__Required action__
The records that follow are to be printed exactly, with no images.

Dataset items
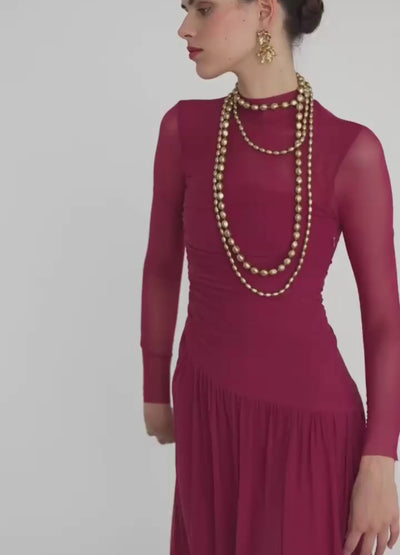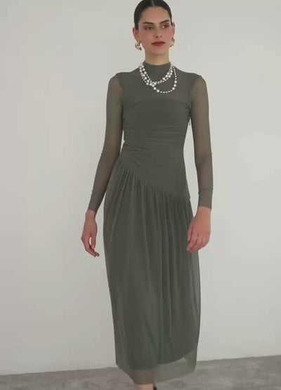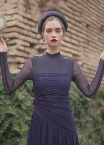 Vestido midi confeccionado en tul elástico fino. Manga larga y falda evasé con movimiento. Escote ilusión con cuello caja ligeramente subido y cuerpo interior palabra de honor. Forro completo en cuerpo y falda. Cierre trasero con detalle en lágrima para un toque sofisticado.
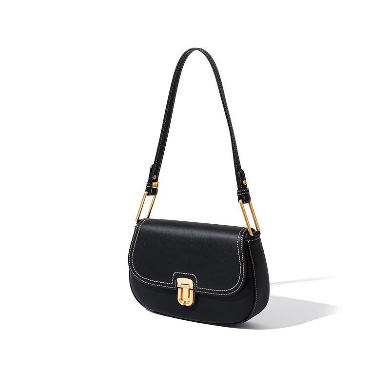 Designer Inspired Small Saddle Bag Genuine Leather Luxe Versatile Arm Hand Carry Dual Strap Shoulder Crossbody Style Korean Fashion Trend
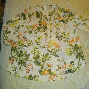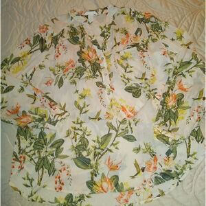 H&M size 8 floral top, v neck, long sleeves, button front, pocket detail, cuff sleeves, 42" bust, 26" long. ivory background w orange flowers, green hummingbirds, viscose. Great casual or BOHO top.
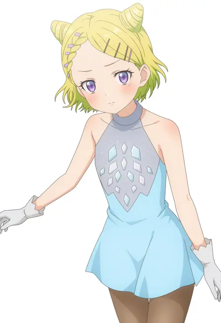 KUROSAWA Miihi,紫色眼睛,锥形发髻,金发,编织刘海,发夹,发饰,短发,
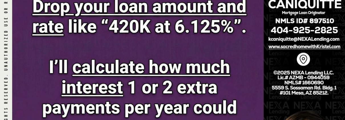 ONE EXTRA - Kristel Caniquitte -Mortgage Loan OriginatorHi, my name is Kristel Caniquitte. I’m a Loan Officer with NEXA Lending LLC., offering personalized mortgage solutions, fast customized quotes, great rates and service with integrity.
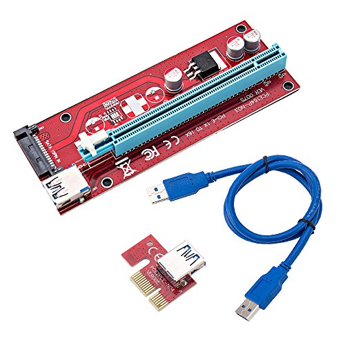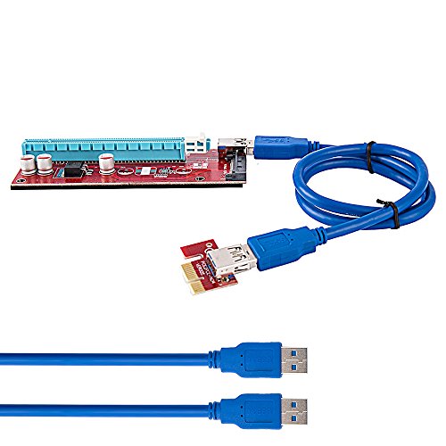 Wrightjp ライザーカード – バージョン007s ExtenderケーブルUSB 3.0コンバータSATA PCI Express PCI - E 1 X to 16 xライザーカードスロットコネクタwith 15pin SATA電源供給ケーブル60 cm for mining by追加 Ship 1 PACK
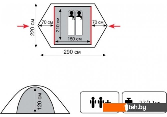 | Информация | - Двухслойная палатка с двумя входами- Вход спального отделения продублирован москитной сеткой- Увеличенный тамбур, два вентиляционных клапана, все швы проклеены- Идеальна для туристических походов в весеннее, летнее и осеннее время |
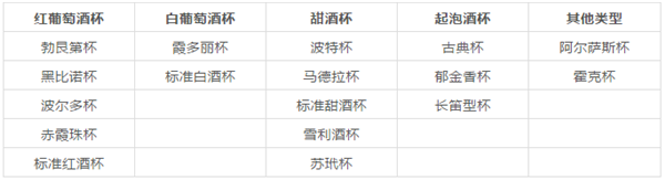 常見(jiàn)的葡萄酒杯有以下種類(lèi):
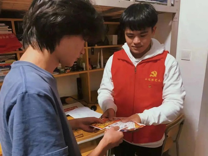 “别急,就是怕同学像你一样走得这么急忘记收衣服,回来的时候脏了、丢了,咱们党员队伍已经到宿舍帮大家收啦。”
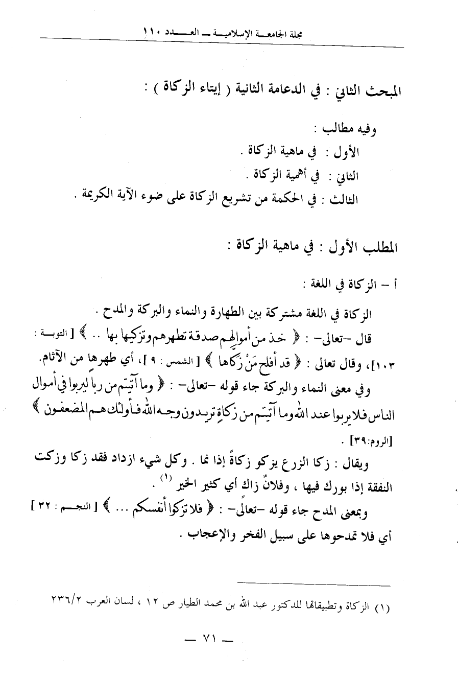 1 الزكاة وتطبيقاتها للدكتور عبد الله بن محمد الطيار ص 12، لسان العرب 2/236
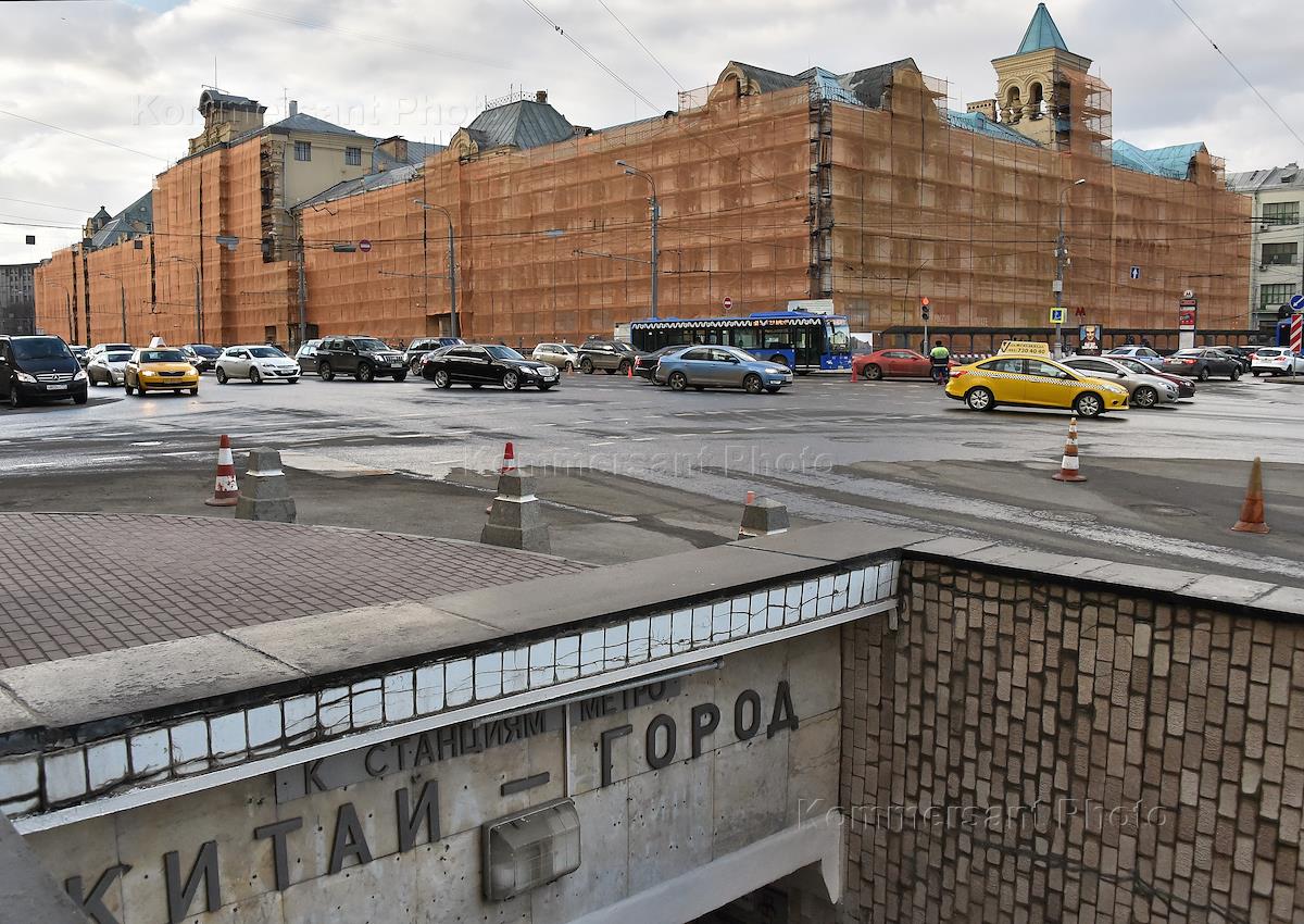 Виды Москвы. Здание Политехнического музея в строительных лесах во время реконструкции.

__Task response__
 Vestido midi confeccionado en tul elástico fino. Manga larga y falda evasé con movimiento. Escote ilusión con cuello caja ligeramente subido y cuerpo interior palabra de honor. Forro completo en cuerpo y falda. Cierre trasero con detalle en lágrima para un toque sofisticado.
 Designer Inspired Small Saddle Bag Genuine Leather Luxe Versatile Arm Hand Carry Dual Strap Shoulder Crossbody Style Korean Fashion Trend
 H&M size 8 floral top, v neck, long sleeves, button front, pocket detail, cuff sleeves, 42" bust, 26" long. ivory background w orange flowers, green hummingbirds, viscose. Great casual or BOHO top.
 KUROSAWA Miihi,紫色眼睛,锥形发髻,金发,编织刘海,发夹,发饰,短发,
 ONE EXTRA - Kristel Caniquitte -Mortgage Loan OriginatorHi, my name is Kristel Caniquitte. I’m a Loan Officer with NEXA Lending LLC., offering personalized mortgage solutions, fast customized quotes, great rates and service with integrity.
 Wrightjp ライザーカード – バージョン007s ExtenderケーブルUSB 3.0コンバータSATA PCI Express PCI - E 1 X to 16 xライザーカードスロットコネクタwith 15pin SATA電源供給ケーブル60 cm for mining by追加 Ship 1 PACK
 | Информация | - Двухслойная палатка с двумя входами- Вход спального отделения продублирован москитной сеткой- Увеличенный тамбур, два вентиляционных клапана, все швы проклеены- Идеальна для туристических походов в весеннее, летнее и осеннее время |
 常見(jiàn)的葡萄酒杯有以下種類(lèi):
 “别急,就是怕同学像你一样走得这么急忘记收衣服,回来的时候脏了、丢了,咱们党员队伍已经到宿舍帮大家收啦。”
 1 الزكاة وتطبيقاتها للدكتور عبد الله بن محمد الطيار ص 12، لسان العرب 2/236
 Виды Москвы. Здание Политехнического музея в строительных лесах во время реконструкции.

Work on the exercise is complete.